Stored dataset items:
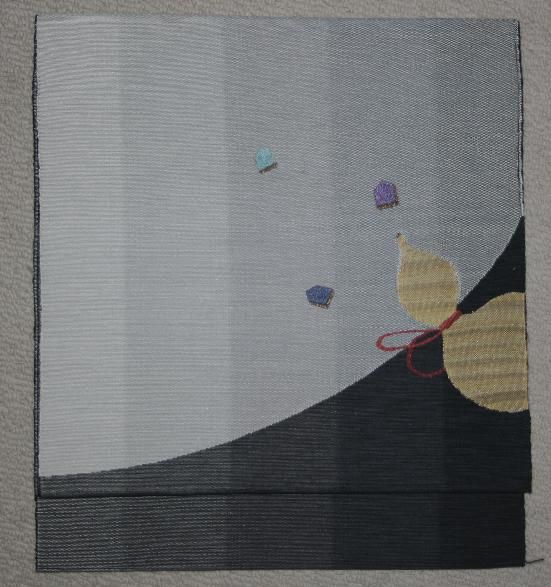 お太鼓と前部分で半円に織分け、ひょうたん文様の
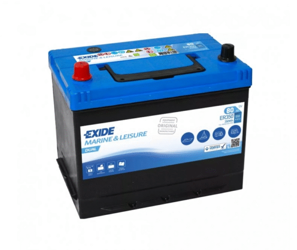 Az EXIDE DUAL Marine & Multifit 80Ah (ER 350) egy megbízható, kettős felhasználású vontatóakkumulátor, amely ideális hajókhoz, lakókocsikhoz és járművekhez, amelyeknek ciklikus terhelésre és azonnali indításra is szükségük van energiára. Ez az elárasztásos akkumulátor hatékonyan ötvözi a két energiaforrást egyetlen kompakt megoldásban, nagy teljesítményt biztosítva mind a fedélzeti rendszerek, mind a motorindítás számára rövid idejű áramfelvétel mellett.
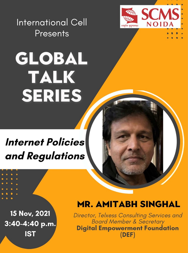 On November 15, 2021, the International Cell at SCMS Noida hosted a webinar on "Internet Policies and Regulations", as a part of the Global Talk Series. Mr. Amitabh Singhal, Director of Telxess Consulting Services and Board Member & Secretary of the Digital Empowerment Foundation, was the webinar's distinguished speaker.
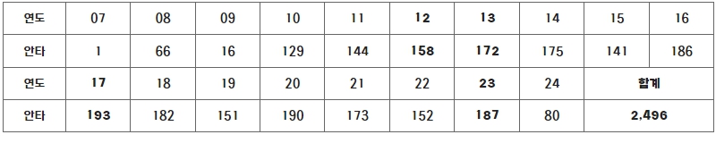 손아섭은 13일(목) KT와의 경기에서 안타 1개를 추가해 안타 기록을 2,496개로 늘렸다. 이로써 2,500안타까지는 4개, 전 LG 박용택이 보유한 통산 최다 안타 기록인 2,504개까지는 8개를 남겨뒀다.
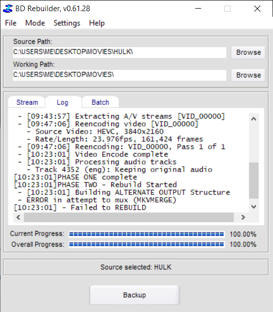 I had a 4K movie in HEVC mkv but my laptop was stuttering even when trying to play the file but i am sure it's just a weak configuration. I did however run tbe process through BDRebudiler and did get a proper folder but I couldn't not check it because again, weak configuration.
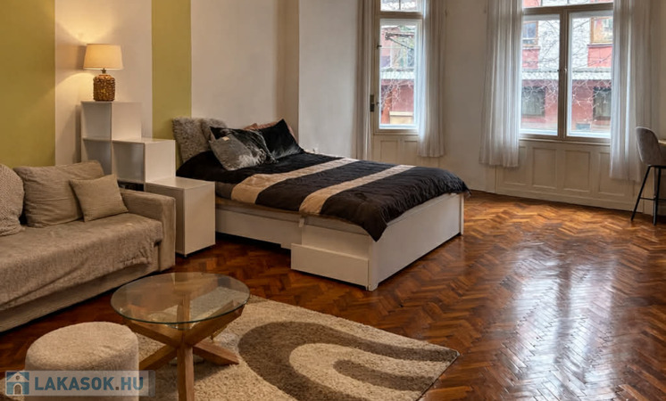 A lakás 1. emeleti, 52 nm, 1 szobás, a Corvin mozi és a Corvin plaza bejáratától, Corvin köztől 100 m-re.
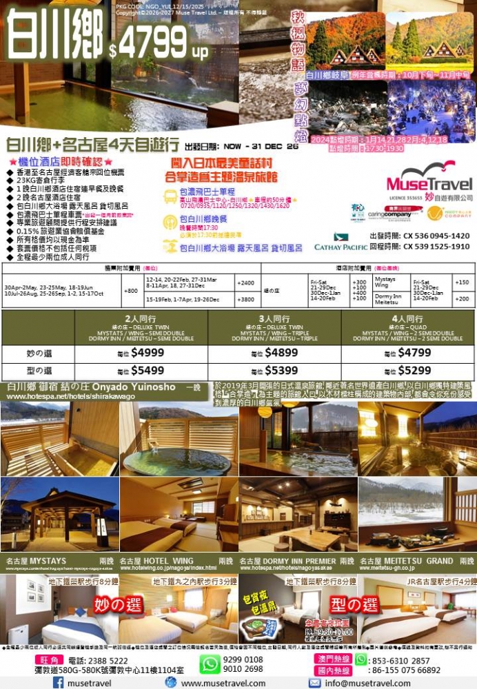 ◆ 1 晚白川鄉酒店住宿連早餐及晚餐
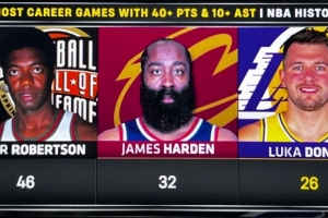 據統計,這是東契奇生涯第26場單場至少40分10助攻,歷史第三多,僅次于大O和哈登。
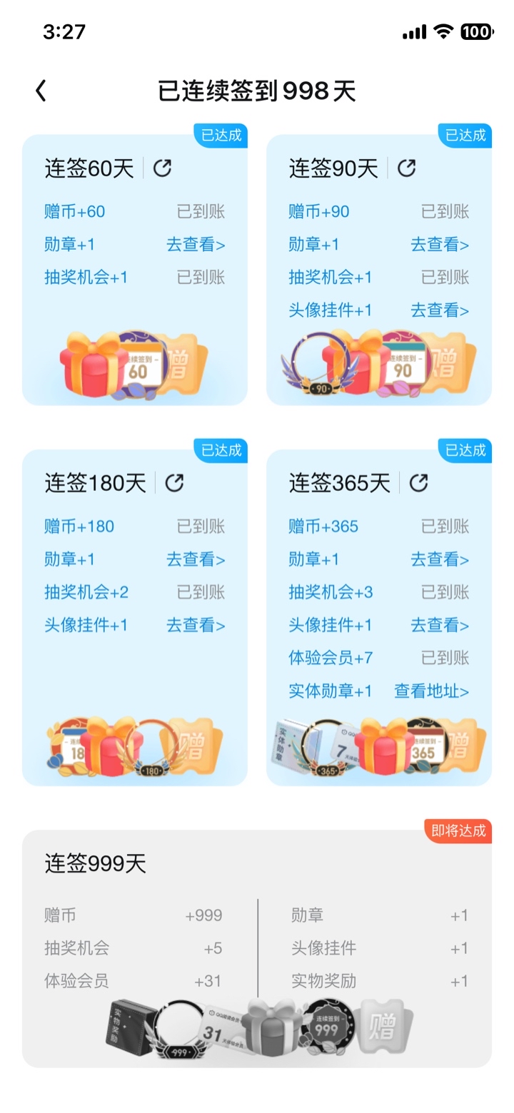 书友们有谁已经拥有连续签到999天的实物奖励了吗?请说一下是什么?蛮期待的!
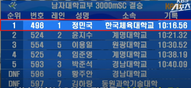 보면 알겠지만, 남자대학생들이 순위 싸움을 할 때 본인은 순위에 연연하지 않고 기록을 위해서 뛴 걸 알 수 있음
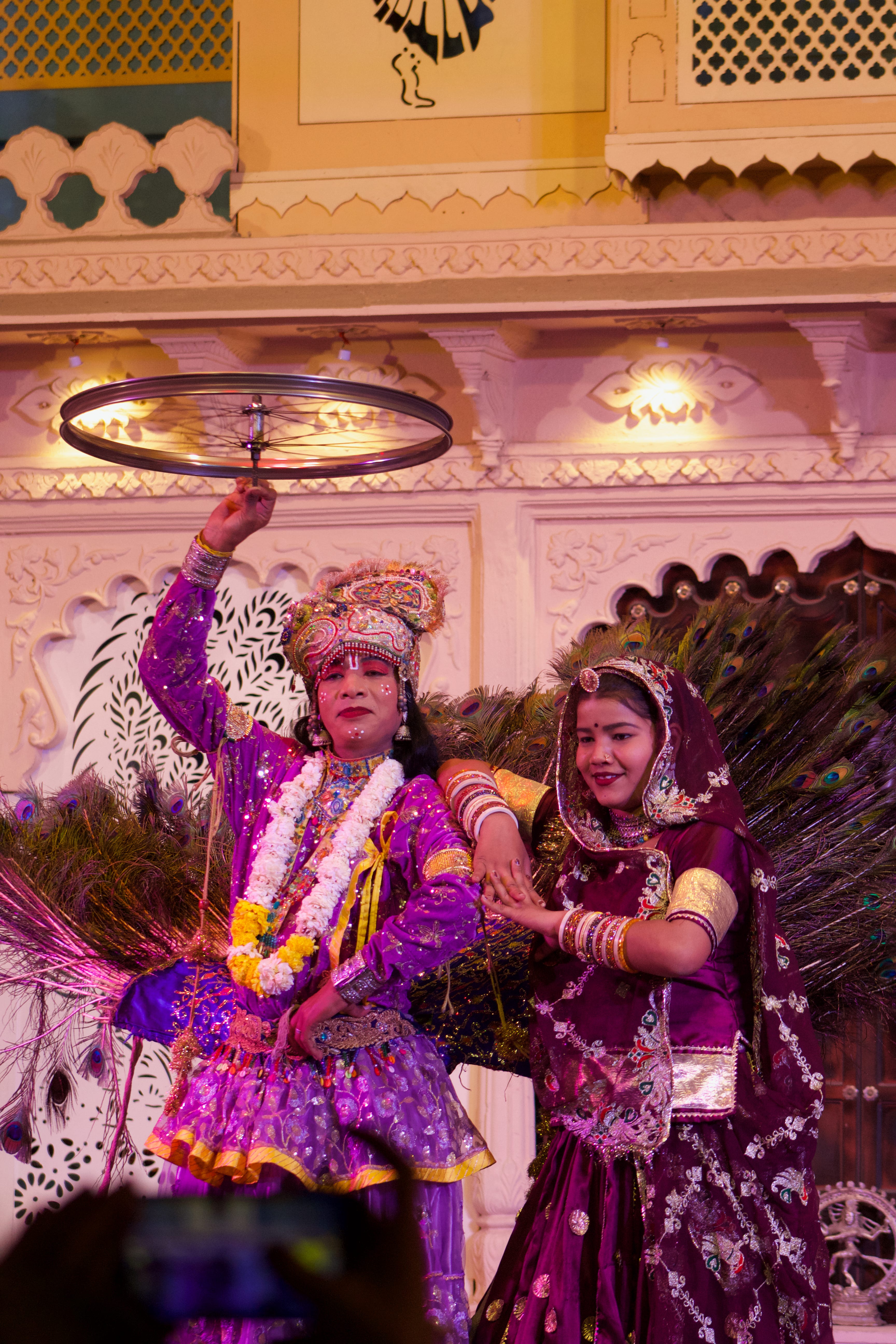 Photo 2. Dancers dressed in royal-presenting garb resembling peacocks, one spinning a wheel.
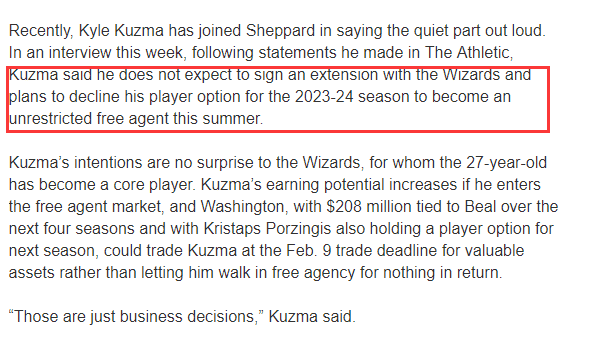 本周接受采访时,库兹马表示他预计不会和奇才提前续约,计划放弃23-24赛季的球员选项从而成为不受限制自由球员试水自由市场。
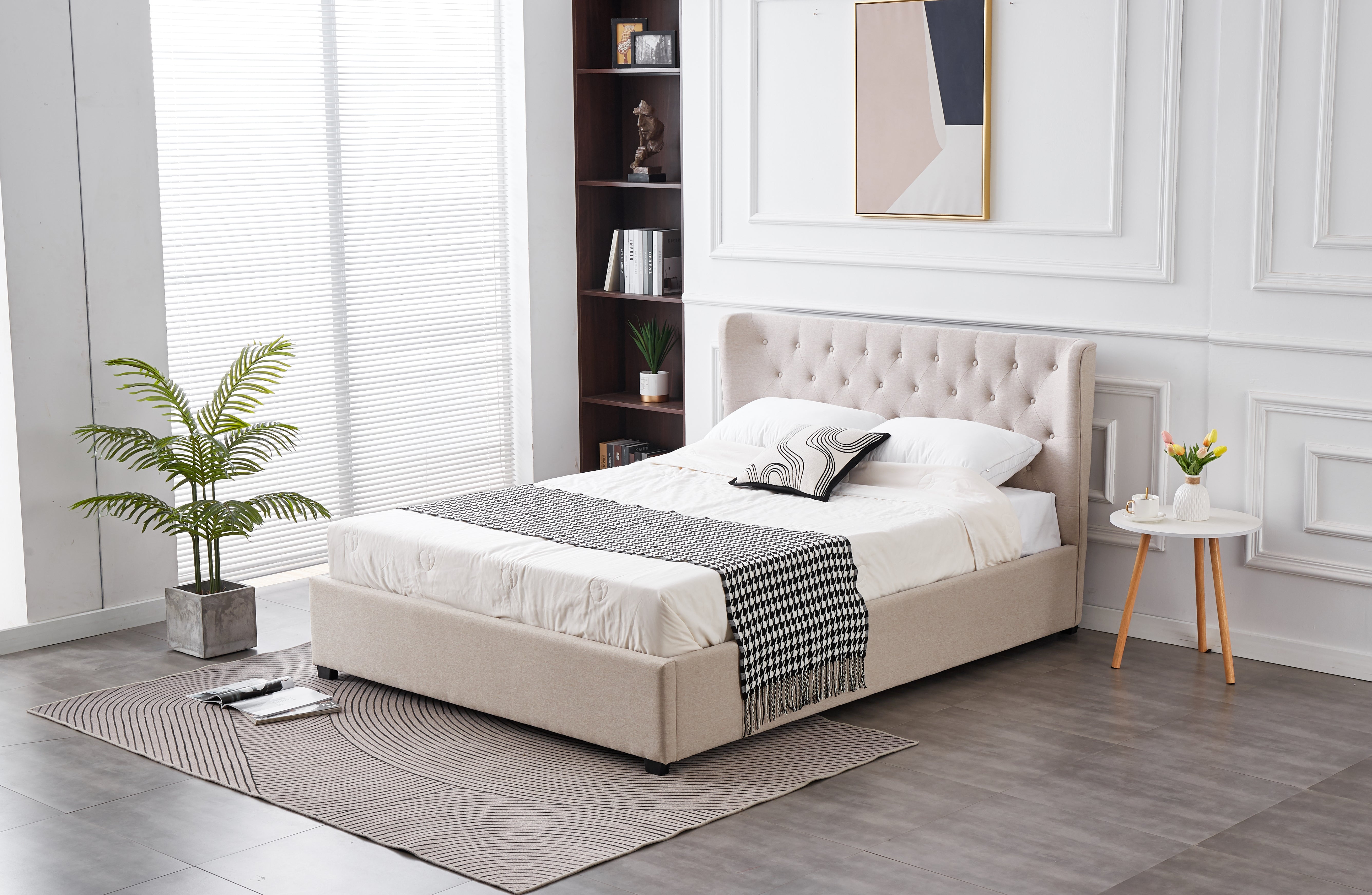 Cambridge Linen Tufted Bed - KING SIZE ONLY - Tan Beige

Activity. For the records above, output each one exactly and skip any image.

Answer section.
 お太鼓と前部分で半円に織分け、ひょうたん文様の
 Az EXIDE DUAL Marine & Multifit 80Ah (ER 350) egy megbízható, kettős felhasználású vontatóakkumulátor, amely ideális hajókhoz, lakókocsikhoz és járművekhez, amelyeknek ciklikus terhelésre és azonnali indításra is szükségük van energiára. Ez az elárasztásos akkumulátor hatékonyan ötvözi a két energiaforrást egyetlen kompakt megoldásban, nagy teljesítményt biztosítva mind a fedélzeti rendszerek, mind a motorindítás számára rövid idejű áramfelvétel mellett.
 On November 15, 2021, the International Cell at SCMS Noida hosted a webinar on "Internet Policies and Regulations", as a part of the Global Talk Series. Mr. Amitabh Singhal, Director of Telxess Consulting Services and Board Member & Secretary of the Digital Empowerment Foundation, was the webinar's distinguished speaker.
 손아섭은 13일(목) KT와의 경기에서 안타 1개를 추가해 안타 기록을 2,496개로 늘렸다. 이로써 2,500안타까지는 4개, 전 LG 박용택이 보유한 통산 최다 안타 기록인 2,504개까지는 8개를 남겨뒀다.
 I had a 4K movie in HEVC mkv but my laptop was stuttering even when trying to play the file but i am sure it's just a weak configuration. I did however run tbe process through BDRebudiler and did get a proper folder but I couldn't not check it because again, weak configuration.
 A lakás 1. emeleti, 52 nm, 1 szobás, a Corvin mozi és a Corvin plaza bejáratától, Corvin köztől 100 m-re.
 ◆ 1 晚白川鄉酒店住宿連早餐及晚餐
 據統計,這是東契奇生涯第26場單場至少40分10助攻,歷史第三多,僅次于大O和哈登。
 书友们有谁已经拥有连续签到999天的实物奖励了吗?请说一下是什么?蛮期待的!
 보면 알겠지만, 남자대학생들이 순위 싸움을 할 때 본인은 순위에 연연하지 않고 기록을 위해서 뛴 걸 알 수 있음
 Photo 2. Dancers dressed in royal-presenting garb resembling peacocks, one spinning a wheel.
 本周接受采访时,库兹马表示他预计不会和奇才提前续约,计划放弃23-24赛季的球员选项从而成为不受限制自由球员试水自由市场。
 Cambridge Linen Tufted Bed - KING SIZE ONLY - Tan Beige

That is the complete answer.